## Task statement:
Each line from the one bearing "11月20日,太阳成tyc1" through the last line of the entries below should be returned exactly, with pictures left out.
Data for this exercise: Begin
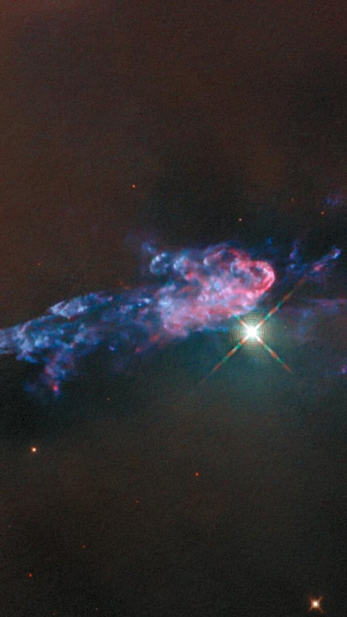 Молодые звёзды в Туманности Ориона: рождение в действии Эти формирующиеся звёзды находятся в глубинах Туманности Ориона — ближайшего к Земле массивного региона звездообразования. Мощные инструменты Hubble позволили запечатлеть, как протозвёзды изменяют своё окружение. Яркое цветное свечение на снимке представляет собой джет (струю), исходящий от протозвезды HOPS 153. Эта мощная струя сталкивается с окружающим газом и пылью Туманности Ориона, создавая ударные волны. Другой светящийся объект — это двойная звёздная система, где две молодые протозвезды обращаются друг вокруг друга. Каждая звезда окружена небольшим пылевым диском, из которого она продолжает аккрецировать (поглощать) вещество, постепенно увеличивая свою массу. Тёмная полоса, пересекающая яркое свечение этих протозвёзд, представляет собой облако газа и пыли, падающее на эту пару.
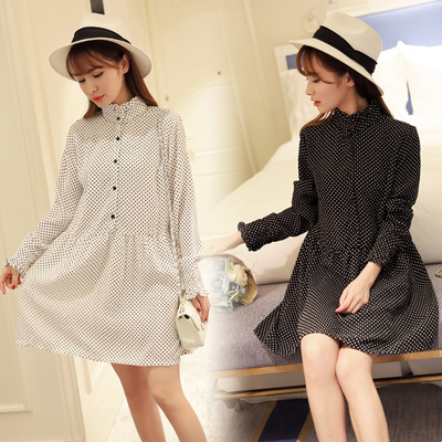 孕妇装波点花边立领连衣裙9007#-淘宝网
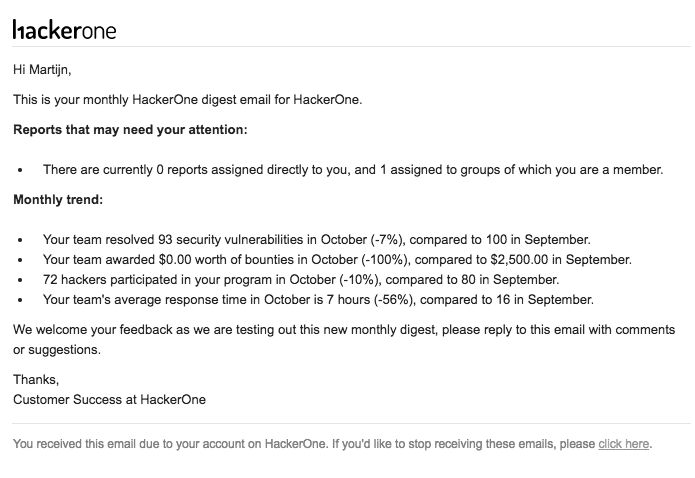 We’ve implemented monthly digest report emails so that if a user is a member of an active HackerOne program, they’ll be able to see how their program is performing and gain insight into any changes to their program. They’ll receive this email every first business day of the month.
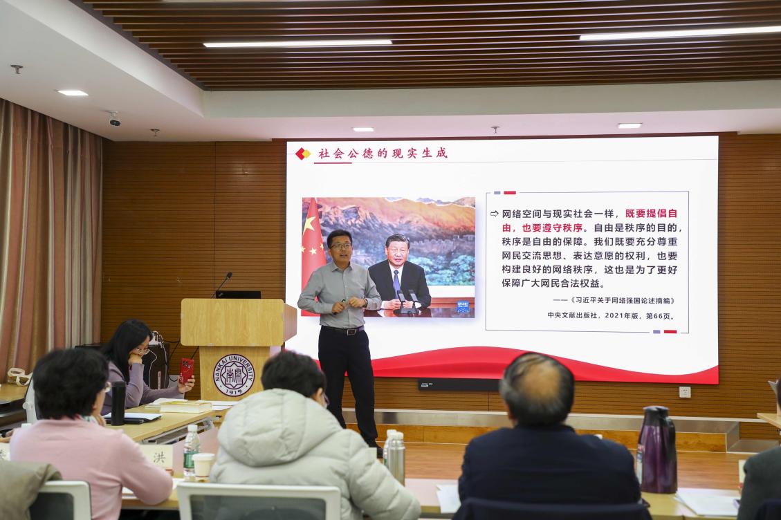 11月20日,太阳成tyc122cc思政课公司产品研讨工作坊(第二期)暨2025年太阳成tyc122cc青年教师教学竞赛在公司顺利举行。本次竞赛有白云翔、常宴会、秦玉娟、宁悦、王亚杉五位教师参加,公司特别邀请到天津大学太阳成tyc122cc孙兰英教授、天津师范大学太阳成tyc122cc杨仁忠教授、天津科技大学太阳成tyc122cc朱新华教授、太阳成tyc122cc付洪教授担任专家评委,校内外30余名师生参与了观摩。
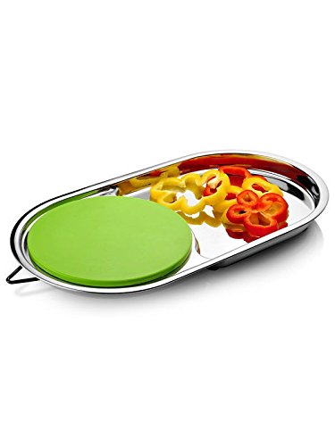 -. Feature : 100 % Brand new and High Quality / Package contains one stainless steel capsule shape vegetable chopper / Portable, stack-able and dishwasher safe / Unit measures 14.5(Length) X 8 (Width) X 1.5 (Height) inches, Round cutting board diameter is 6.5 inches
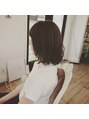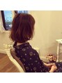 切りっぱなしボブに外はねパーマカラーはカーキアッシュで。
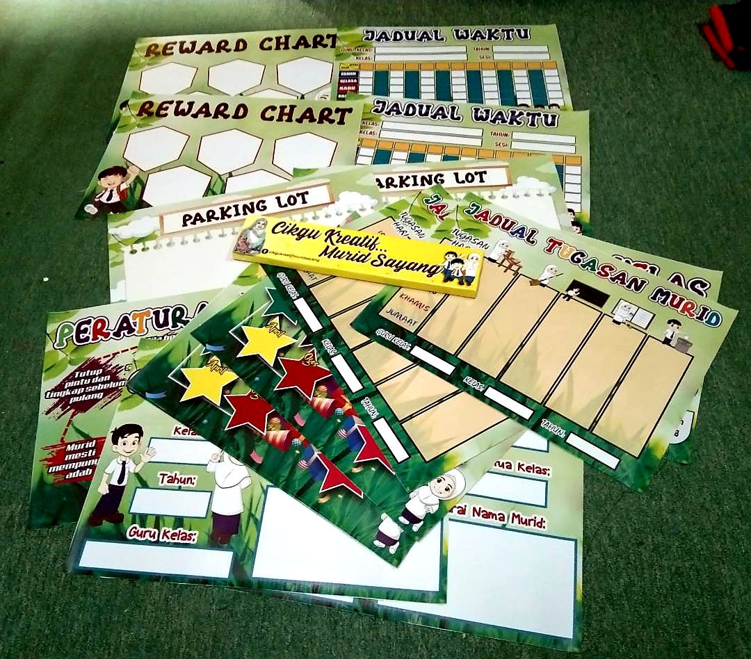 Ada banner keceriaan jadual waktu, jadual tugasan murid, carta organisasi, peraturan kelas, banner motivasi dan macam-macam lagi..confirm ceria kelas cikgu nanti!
Data for this exercise: End
## Exercise solution:
 11月20日,太阳成tyc122cc思政课公司产品研讨工作坊(第二期)暨2025年太阳成tyc122cc青年教师教学竞赛在公司顺利举行。本次竞赛有白云翔、常宴会、秦玉娟、宁悦、王亚杉五位教师参加,公司特别邀请到天津大学太阳成tyc122cc孙兰英教授、天津师范大学太阳成tyc122cc杨仁忠教授、天津科技大学太阳成tyc122cc朱新华教授、太阳成tyc122cc付洪教授担任专家评委,校内外30余名师生参与了观摩。
 -. Feature : 100 % Brand new and High Quality / Package contains one stainless steel capsule shape vegetable chopper / Portable, stack-able and dishwasher safe / Unit measures 14.5(Length) X 8 (Width) X 1.5 (Height) inches, Round cutting board diameter is 6.5 inches
 切りっぱなしボブに外はねパーマカラーはカーキアッシュで。
 Ada banner keceriaan jadual waktu, jadual tugasan murid, carta organisasi, peraturan kelas, banner motivasi dan macam-macam lagi..confirm ceria kelas cikgu nanti!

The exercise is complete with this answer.